* Problem statement *
Repeat the data word for word, excluding every picture.

* Exercise materials *
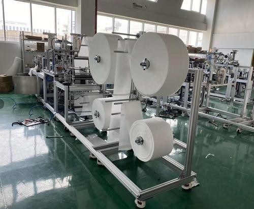 Ο εξοπλισμός χρησιμοποιείται για να παραγάγει μια μίας χρήσης μη υφανθείσα μάσκα. Ο εξοπλισμός αποτελείται κυρίως από τη σίτιση, τη διαμόρφωση, την ένωση, την κοπή, τη σύνδεση και τη μεταφορά, την πολική συγκόλληση αυτιών, την απαλοιφή και τη συσσώρευση, κ.λπ. Εκτός από τη χειρωνακτική σίτιση, ολόκληρη η διαδικασία από την πρώτη σίτιση ύλης στην τέμνουσα συσσώρευση ολοκληρωμένων προϊόντων ακρών εισαγωγής πλευρών μύτης είναι πλήρως αυτόματη λειτουργία. Η μηχανή μπορεί να συνδυαστεί από έναν οξυγονοκολλητή αυτιών δύο-πόλων τραβήγματος τραβήγματος ένας ή ένας για να καλύψει τις διαφορετικές απαιτήσεις ικανότητας παραγωγής.
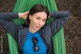 Smiling woman in casual clothes resting in a hammock outdoors in the weekend
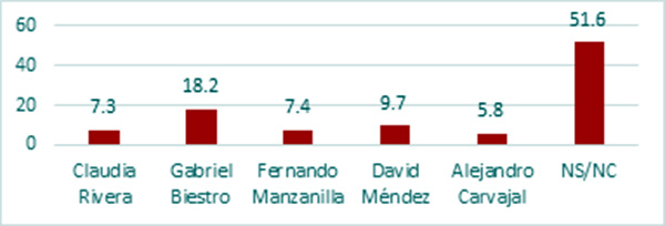 En otra pregunta cuando cuestionamos a las personas que votarían por MORENA o simpatizan con este partido el cuestionamiento fue ¿quién sería el mejor candidato de MORENA para la presidencia municipal de Puebla?, los números fueron para Claudia Rivera fue 7.3%, para Gabriel Biestro fue 18.2 por ciento, para Fernando Manzanilla 7.4 por ciento David Méndez 9.7 por ciento, 5.8 por ciento para Alejandro Carvajal y un 51.6 por ciento No sabe o No contestó.
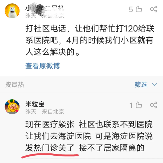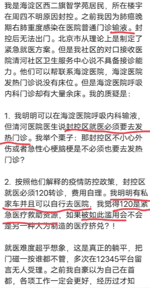 这位西二旗居民本身并不需要紧急救助,但是按社区的回复必须走紧急救助渠道。现在办点事情离了社区不行。他需要的仅仅是像平时那样照常去普通门诊输液,但是因所在楼封控,只要就医整体都得到发热门诊。联系了发热门诊,说没有床位,而他本来可以去的呼吸内科还有大量床位,但是对不起,不能使用。
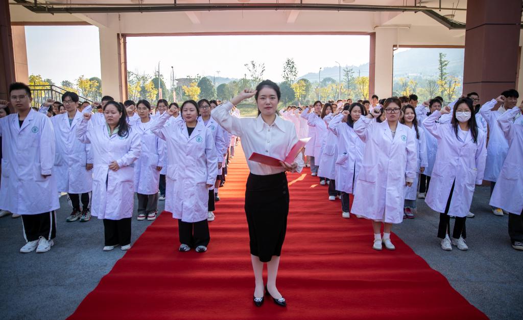 仪式上,全体师生在生态园前进行庄严的医学誓词宣誓。生态园揭幕暨捐赠仪式在隆重而庄严的气氛中圆满结束。
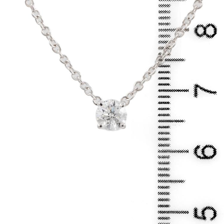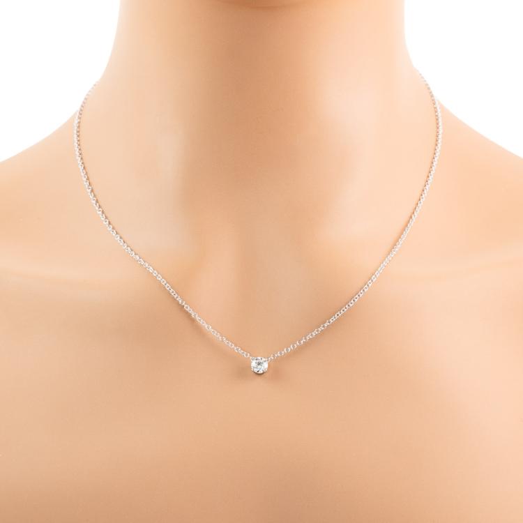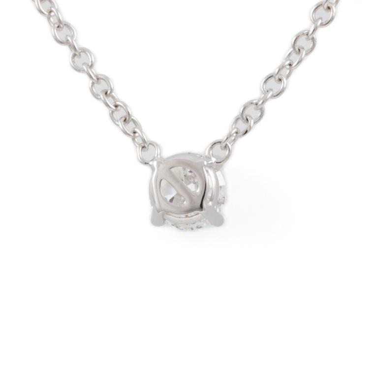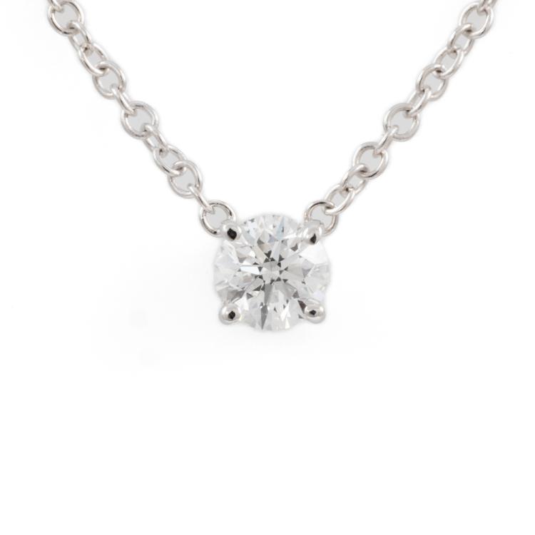 Diamond pendant with round brilliant cut Natural Diamond of 0.50ct (with GIA summary report graded as E SI1 #7442816237). 18ct white gold with 18ct white gold chain attached. Length: 45cm. Weight: 2.8g. (New)
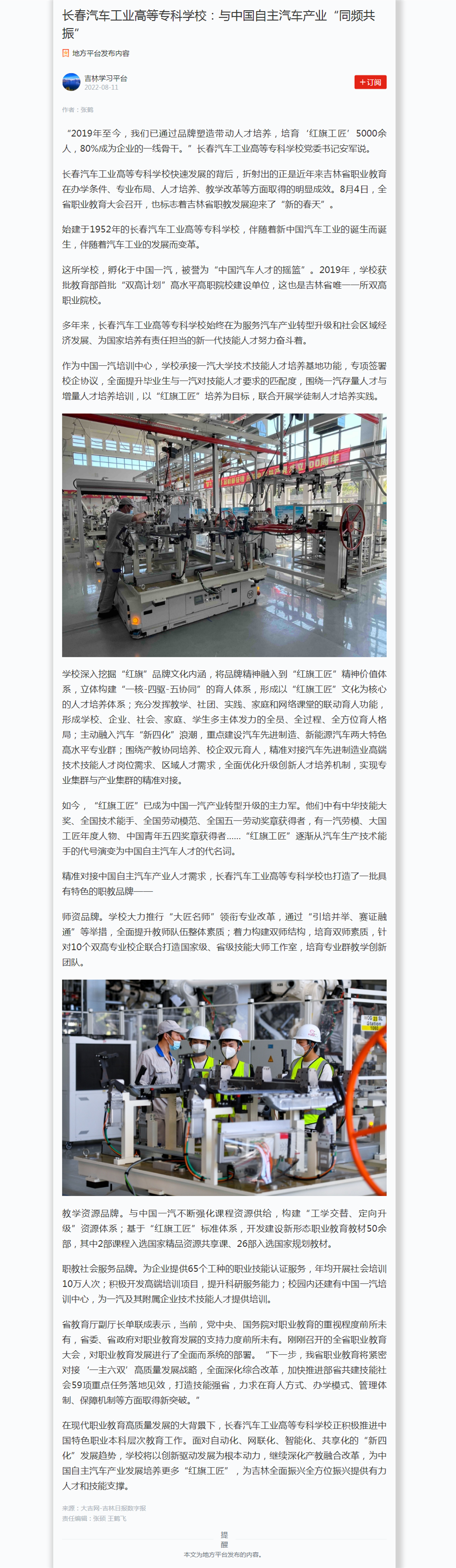 学习强国——长春汽车工业高等专科学校:与中国自主汽车产业“同频共振”

* Output for this task *
 Ο εξοπλισμός χρησιμοποιείται για να παραγάγει μια μίας χρήσης μη υφανθείσα μάσκα. Ο εξοπλισμός αποτελείται κυρίως από τη σίτιση, τη διαμόρφωση, την ένωση, την κοπή, τη σύνδεση και τη μεταφορά, την πολική συγκόλληση αυτιών, την απαλοιφή και τη συσσώρευση, κ.λπ. Εκτός από τη χειρωνακτική σίτιση, ολόκληρη η διαδικασία από την πρώτη σίτιση ύλης στην τέμνουσα συσσώρευση ολοκληρωμένων προϊόντων ακρών εισαγωγής πλευρών μύτης είναι πλήρως αυτόματη λειτουργία. Η μηχανή μπορεί να συνδυαστεί από έναν οξυγονοκολλητή αυτιών δύο-πόλων τραβήγματος τραβήγματος ένας ή ένας για να καλύψει τις διαφορετικές απαιτήσεις ικανότητας παραγωγής.
 Smiling woman in casual clothes resting in a hammock outdoors in the weekend
 En otra pregunta cuando cuestionamos a las personas que votarían por MORENA o simpatizan con este partido el cuestionamiento fue ¿quién sería el mejor candidato de MORENA para la presidencia municipal de Puebla?, los números fueron para Claudia Rivera fue 7.3%, para Gabriel Biestro fue 18.2 por ciento, para Fernando Manzanilla 7.4 por ciento David Méndez 9.7 por ciento, 5.8 por ciento para Alejandro Carvajal y un 51.6 por ciento No sabe o No contestó.
 这位西二旗居民本身并不需要紧急救助,但是按社区的回复必须走紧急救助渠道。现在办点事情离了社区不行。他需要的仅仅是像平时那样照常去普通门诊输液,但是因所在楼封控,只要就医整体都得到发热门诊。联系了发热门诊,说没有床位,而他本来可以去的呼吸内科还有大量床位,但是对不起,不能使用。
 仪式上,全体师生在生态园前进行庄严的医学誓词宣誓。生态园揭幕暨捐赠仪式在隆重而庄严的气氛中圆满结束。
 Diamond pendant with round brilliant cut Natural Diamond of 0.50ct (with GIA summary report graded as E SI1 #7442816237). 18ct white gold with 18ct white gold chain attached. Length: 45cm. Weight: 2.8g. (New)
 学习强国——长春汽车工业高等专科学校:与中国自主汽车产业“同频共振”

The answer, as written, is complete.